Each sub-agent runs in an isolated workspace and system sandbox:
  • CoW cloning — Copy-on-Write workspace duplication
  • Precise sync — Only modified files are synced back
  • .git protection — Git directory is excluded from operations
  • Automatic cleanup — Workspaces are cleaned up on completion
  • UI Interaction Blacklisting — Sub-agents running in the background are completely physically blocked from using UI interaction interfaces (like interactive_feedback or send_message), ensuring they never pop up windows to interrupt the user unexpectedly.

Seamless Human-in-the-Loop (HITL)

When an agent hits a checkpoint or needs approval (like PENDING_APPROVAL), the user gets a UI popup. Beyond simple Accept/Reject, Myrm’s HITL supports Context Injection: the user can provide explicit text instructions (“Wait, also change the color to red”), and the agent resumes with this injected context seamlessly.

Completion Verification

Every task, whether Kanban or conversational, can be verified before being marked complete.

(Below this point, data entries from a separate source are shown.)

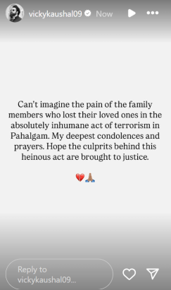 卡特里娜飓风的丈夫Vicky Kaushal也分享了一个关于Pahalgam恐怖袭击的故事,写道:“无法想象在Pahalgam中绝对不人道的恐怖主义行为中失去亲人的家庭成员的痛苦。我最深切的慰问和祈祷。希望这种令人发指的行为背后的罪魁祸首能给人带来正义的罪魁祸首。”
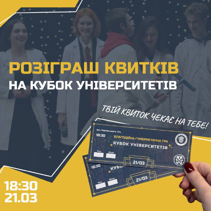 Хочемо потішити вас приємною новиною: розігруємо квиточки на Благодійну гумористичну гру «Кубок університетів» 🫶
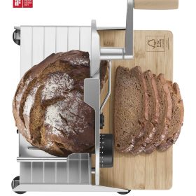 かわいらしい見た目のハンドル式ブレッドスライサーです。

CompletionVerifier Protocol

class CompletionVerifier(Protocol):
    async def verify(self, task: KanbanTask, result: str) -> VerificationResult: ...
Verification results include:
  • passed — Whether the task meets acceptance criteria
  • reason — Explanation of the verdict
  • error_logs — Specific issues found

Goal-Level Verification

Goals support dual-engine verification:
  1. Shell verification — Run test commands (e.g., pytest, npm test)
  2. Semantic verification — LLM-based assessment against acceptance criteria
Both must pass for a goal to be marked complete.

Task Diagnostics

Myrm includes a built-in diagnostic engine that proactively detects unhealthy tasks and surfaces actionable recommendations.

6 Diagnostic Rules

RuleDetectsAction
Stranded in ReadyTask sitting in READY too long without being picked upArchive or check dispatcher
Repeated FailuresHigh consecutive failure count (auto-blocked)Review task description or archive
Stuck in BlockedTask blocked for too long without resolutionAdd comment, unblock, or archive
Dead DependencyAll parent tasks are in terminal failed/archived stateArchive the orphaned task
Stranded in TriageRough idea sitting in TRIAGE without being specifiedRun Specify or archive
Block→Unblock CyclingTask repeatedly blocked by agent after being unblocked — root cause not addressedReview block reasons, try different intervention

Severity Auto-Escalation

Each rule automatically escalates severity based on how far past the threshold the task is:
  • Warning (1×–2× threshold) — yellow badge on card
  • Error (2×–7× threshold) — orange badge
  • Critical (≥7× threshold) — red badge with urgent attention needed

Card-Level Badges

Diagnostic results are evaluated at O(1) cost per card and displayed as severity badges directly on Kanban cards. Click any badge to open the diagnostic drawer with detailed explanations and one-click action buttons (archive, unblock, add comment, etc.).

Getting Started

  1. Kanban Board: Navigate to the Kanban page in the sidebar
  2. Create a Task: Click “New Task” and describe what needs to be done
  3. Set Dependencies: Drag connections between tasks to define execution order
  4. Launch: Tasks auto-execute based on priority and dependency order
  5. Monitor: Watch real-time progress with heartbeat updates
For sub-agent orchestration, simply describe a complex task to any agent — it will automatically decompose and delegate using the appropriate pattern.